Learn You a Rust II - References and Borrowing

This is the second part of the Learn You a Rust for Great Good! tutorial explainer series. If you’re coming to the series for the first time, I recommend starting at the first post linked above.

Last time, we covered the topic of ownership, and how Rust uses it to make really cool things happen such as complete memory safety. However, there’s a small problem with ownership, and I’ll demonstrate it with the same code snippet as last time:

fn do_stuff_with_data(a: ImportantData, b: ImportantData, c: ImportantData) -> (ImportantData, ImportantData, ImportantData, ImportantData) {
    /* does magic - let's say, adds them up and returns the result */
}
fn main() {
    let (a, b, c) = (ImportantData(0,1), ImportantData(1,2), ImportantData(2,3));
    let (result, d, e, f) = do_stuff_with_data(a, b, c);
}

Here, we want to have a do_stuff_with_data function that takes three ImportantDatas and returns one.
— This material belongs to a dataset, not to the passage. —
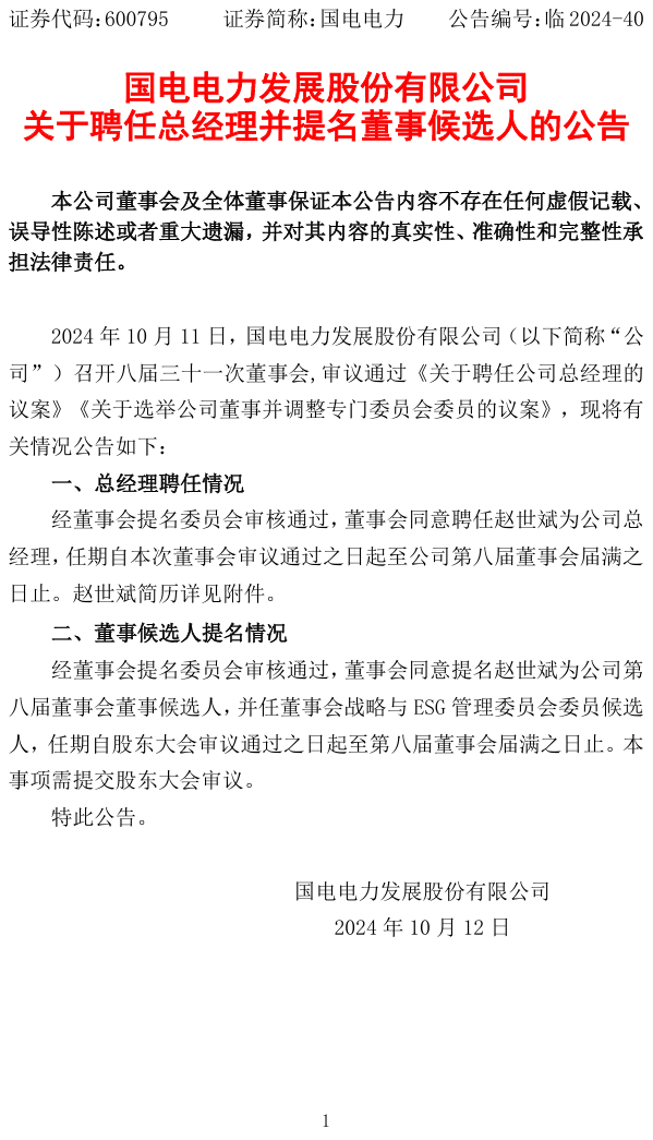 2024年10月11日,國電電力召開八屆三十一次董事會,審議通過《關(guān)于聘任公司總經(jīng)理的議案》《關(guān)于選舉公司董事并調(diào)整專門委員會委員的議案》。經(jīng)董事會提名委員會審核通過,董事會同意聘任趙世斌為公司總經(jīng)理,任期自本次董事會審議通過之日起至公司第八屆董事會屆滿之日止。經(jīng)董事會提名委員會審核通過,董事會同意提名趙世斌為公司第八屆董事會董事候選人,并任董事會戰(zhàn)略與ESG管理委員會委員候選人,任期自股東大會審議通過之日起至第八屆董事會屆滿之日止。

However, with Rust’s ownership system, we end up having to return four ImportantDatas: our three inputs, and one output - else the do_stuff_with_data function will consume our input values. Remember last time, where we moved a value, making it no longer accessible by its original name? The same thing happens here, except if we don’t return the ImportantDatas we put in and move them back, they just die when do_stuff_with_data finishes doing its thing.
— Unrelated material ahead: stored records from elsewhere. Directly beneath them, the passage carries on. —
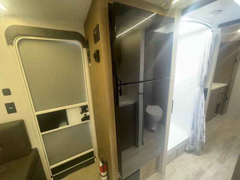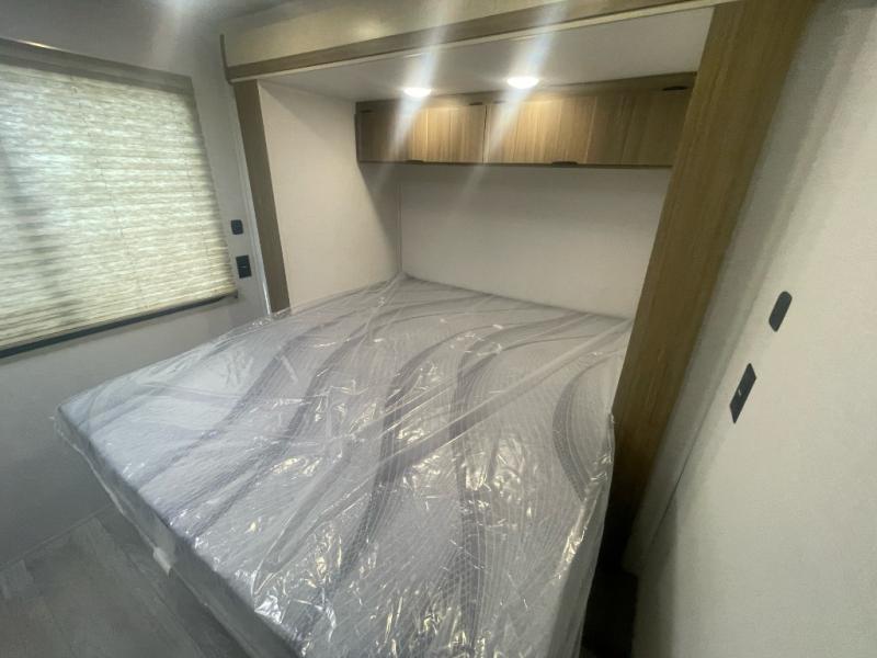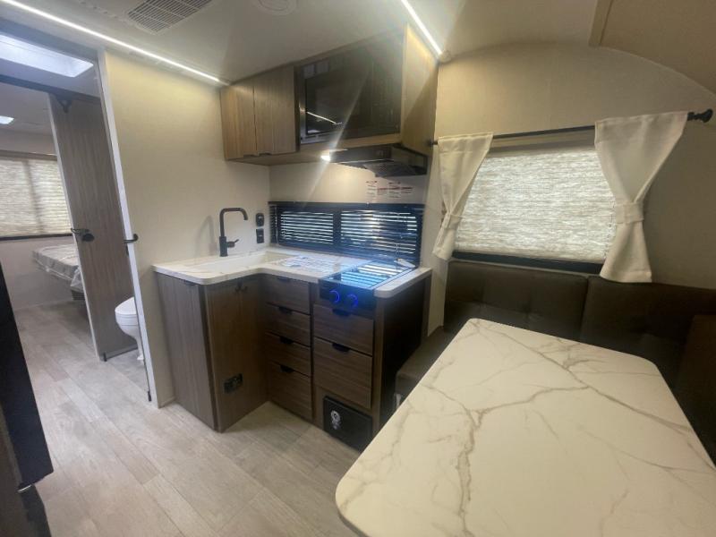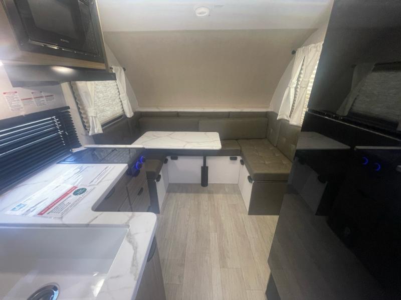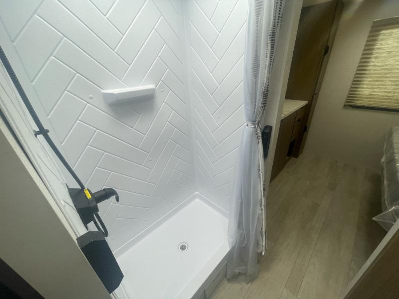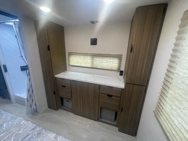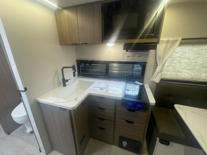 This travel trailer is perfect for couples who want to explore the great outdoors together! There is a rear private bedroom with a queen bed slide for more interior space, a dresser and wardrobes on either side of it for your clothes. Plus, it enters right into the split style bathroom which will come in handy when one person wants to freshen up in the shower while another uses the private toilet and sink. You can prepare your best home cooked meals with the two burner cooktop then enjoy it at the front U-shaped dinette which can also transform into an extra sleeping space. Enjoy making pancakes on the outdoor kitchen under the 15' power awning!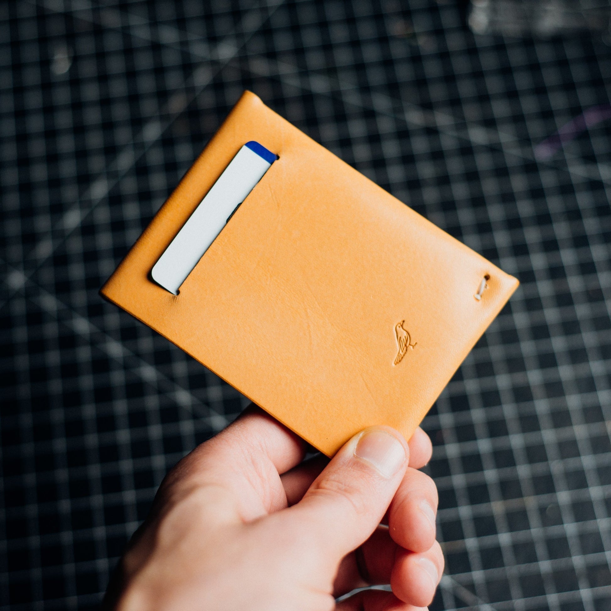 The Archer is a sleek, minimally styled vertical wallet designed to securely hold cards and unfolded cash, while staying slim in the pocket.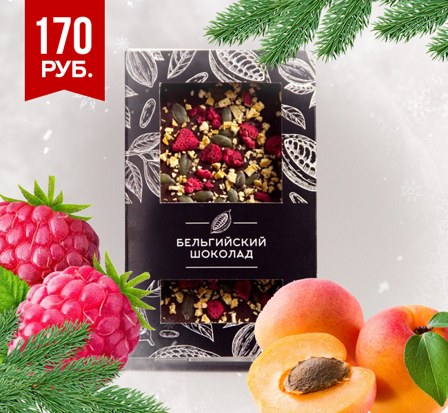 Тёмный шоколад с малиной, абрикосом и семечками тыквы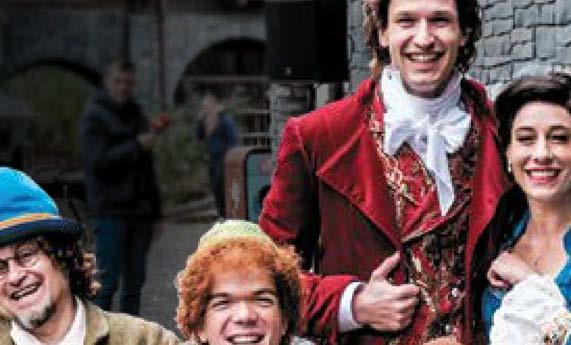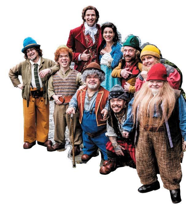 Terug naar het Studio 100 Theater in De Panne. In de coulissen klinkt geroezemoes. Make-up artiesten, haarstylisten en kostuumspecialisten leggen de laat ste hand aan de opvallende acteurs in de loges. Met zeven zijn ze. Sommigen zijn de hectiek al gewoon, voor anderen is het de eerste keer, maar alle zeven kleine mensen kijken uit naar wat hen te wachten staat: vandaag een persconferentie, deze zomer 48 optredens als de beste vrienden van Sneeuwwitje. Ze passen hun lange oorbellen, krullende pruiken, fluwelen broeken en schijn baar afgedragen bretellen. Ze keuvelen opge wekt over het ruige Belfast, die lastige risicoanalyses en dat mooie maar o zo verwarrende Vlaamse accent. Collega’s zijn het, maar nog liever luisteren ze naar de verwijzing vrienden.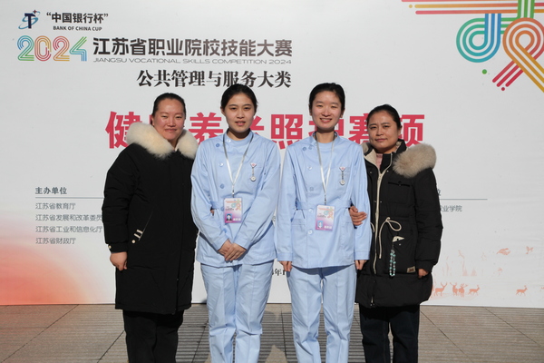 1月12日至15日,2024年江苏省职业院校技能大赛高职组“健康养老照护”赛项在江苏省医药职业学院举行。本次比赛由江苏省教育厅、江苏省发展和改革委员会等16个部委主办,来自全省23所高职院校45名选手同场竞技。我校医疗与健康学院2021级护理4班张华燕同学和2022级护理5班高子涵同学分别获大赛二等奖,朱爽爽和王平芳两位老师获得优秀指导教师奖。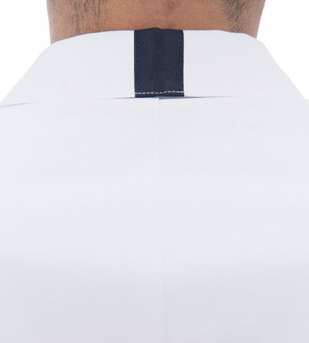 後ろ襟にネイビーのアクセントがお洒落な印象。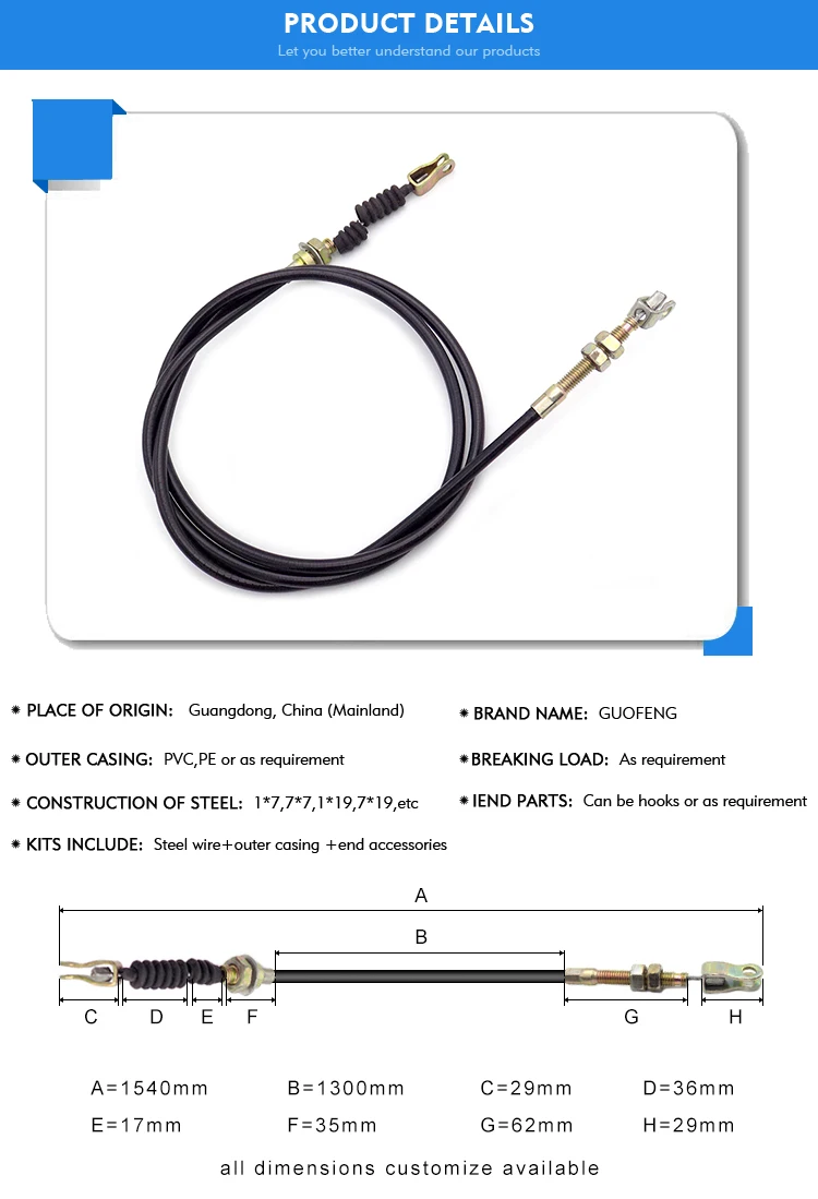 Of course ,we have to know your application firstly and a number of factors have to be considered, such as work load, safety abrasion, environment ,cycle life, flexibility, cost, When we design the brake control cable .

We need a way to have a reference to data. To look at it, perhaps to edit it, but not to own it.

Introducing borrows

Thankfully, Rust’s got our back. Rust provides two sorts of borrows that let you take a reference to a piece of data, whilst still making sure that nothing bad happens to it. (How? Stay tuned, and we’ll tell you later on in the series in the lifetimes section.)

These two types are &T and &mut T. I’m using the letter T here to mean “any type” - an integer, string, ImportantData, you name it. (You’ll encounter this pattern later with generics a lot.) The & operator means “reference to”, and the mut part means “mutable” - that is, editable. A borrow is created by using one or both of these operators - for example, borrowing variable as &variable. Let’s have a look at how we can use these to improve our code.
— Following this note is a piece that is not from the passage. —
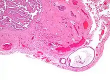 - Ogawa K, Johansson SL, Cohen SM (October 1999). "Immunohistochemical analysis of uroplakins, urothelial specific proteins, in ovarian Brenner tumors, normal tissues, and benign and neoplastic lesions of the female genital tract". Am. J. Pathol. 155 (4): 1047–50. doi:10.1016/S0002-9440(10)65206-6. PMC 1867018. PMID 10514386.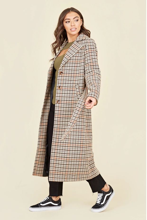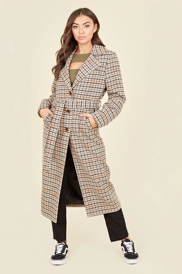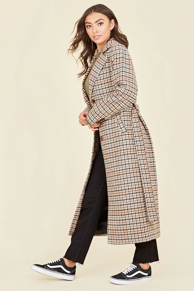 Brown Houndstooth Belted Tortoise Shell Button Trench Coat

fn do_stuff_with_data(a: &ImportantData, b: &ImportantData, c: &mut ImportantData) -> ImportantData {
    /* does magic - let's say, adds them up and returns the result */
}
fn main() {
    let (a, b) = (ImportantData(0,1), ImportantData(1,2));
    let mut c = ImportantData(2,3);
    let result = do_stuff_with_data(&a, &b, &mut c);
}

Ah, much nicer - now do_stuff_with_data only has one output. It borrows a and b, and mutably borrows c, does computations with them, and returns an owned value - the ImportantData - that is moved back into main(). (It might accomplish this by returning something like ImportantData(a.0 + b.0, c.0).)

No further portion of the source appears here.